Goal of the exercise: What you should give back is a precise copy of the lines below from the one containing "曲谱图网为您提供二胡练习:第" through the one containing "這次考試改革的重要方向是為了", with no pictures.

Data provided:
★ ★ ★ ★ ★

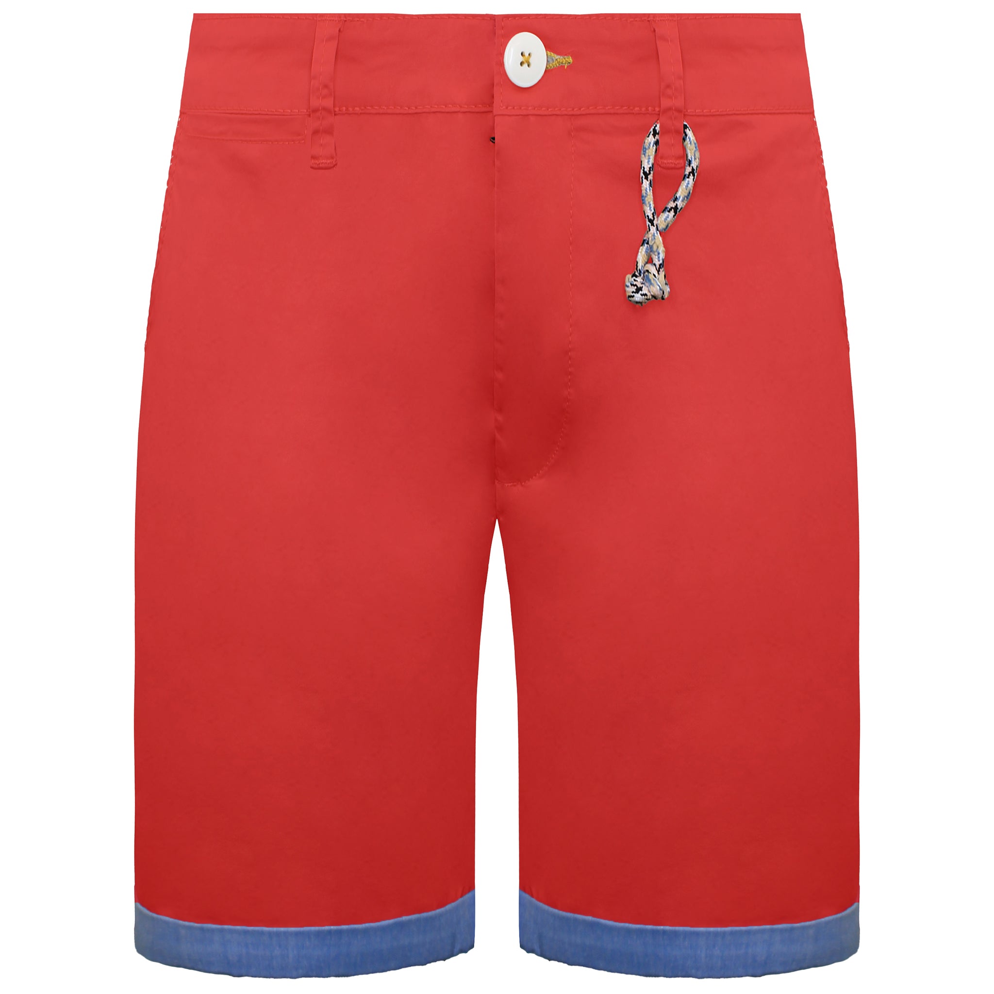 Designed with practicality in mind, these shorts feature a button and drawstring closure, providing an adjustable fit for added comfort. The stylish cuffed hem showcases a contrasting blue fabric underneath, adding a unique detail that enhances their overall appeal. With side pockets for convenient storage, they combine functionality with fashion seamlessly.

★ ★ ★ ★ ★

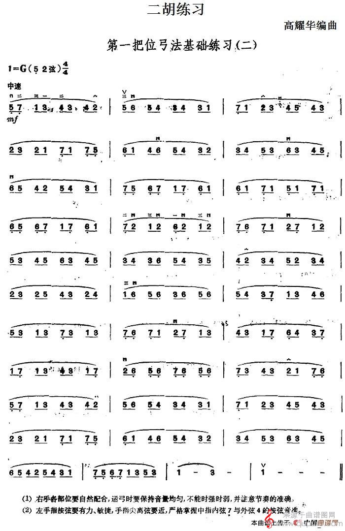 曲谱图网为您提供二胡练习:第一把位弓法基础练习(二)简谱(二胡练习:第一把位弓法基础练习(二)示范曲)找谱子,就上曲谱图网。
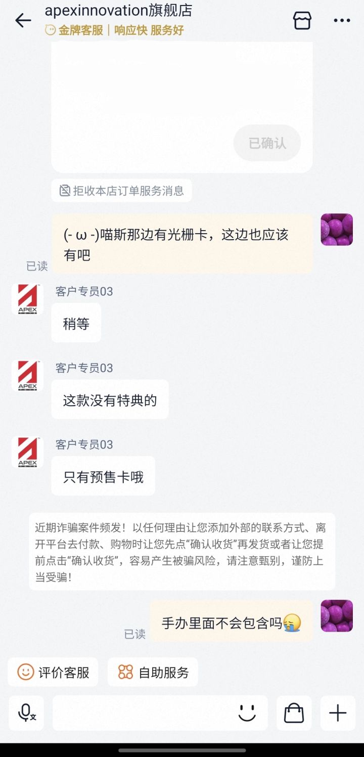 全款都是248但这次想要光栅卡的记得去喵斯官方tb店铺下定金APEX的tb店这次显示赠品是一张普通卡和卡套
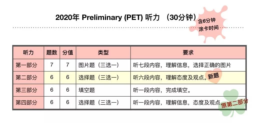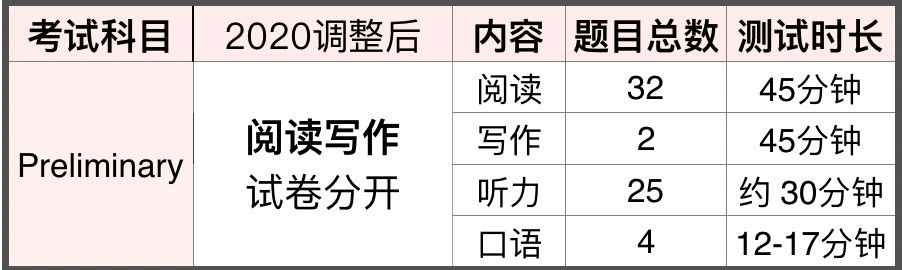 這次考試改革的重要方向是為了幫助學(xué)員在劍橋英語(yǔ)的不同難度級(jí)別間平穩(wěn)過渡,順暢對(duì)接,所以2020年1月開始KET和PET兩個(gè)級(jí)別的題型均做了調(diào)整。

★ ★ ★ ★ ★

Solution to this task:
 曲谱图网为您提供二胡练习:第一把位弓法基础练习(二)简谱(二胡练习:第一把位弓法基础练习(二)示范曲)找谱子,就上曲谱图网。
 全款都是248但这次想要光栅卡的记得去喵斯官方tb店铺下定金APEX的tb店这次显示赠品是一张普通卡和卡套
 這次考試改革的重要方向是為了幫助學(xué)員在劍橋英語(yǔ)的不同難度級(jí)別間平穩(wěn)過渡,順暢對(duì)接,所以2020年1月開始KET和PET兩個(gè)級(jí)別的題型均做了調(diào)整。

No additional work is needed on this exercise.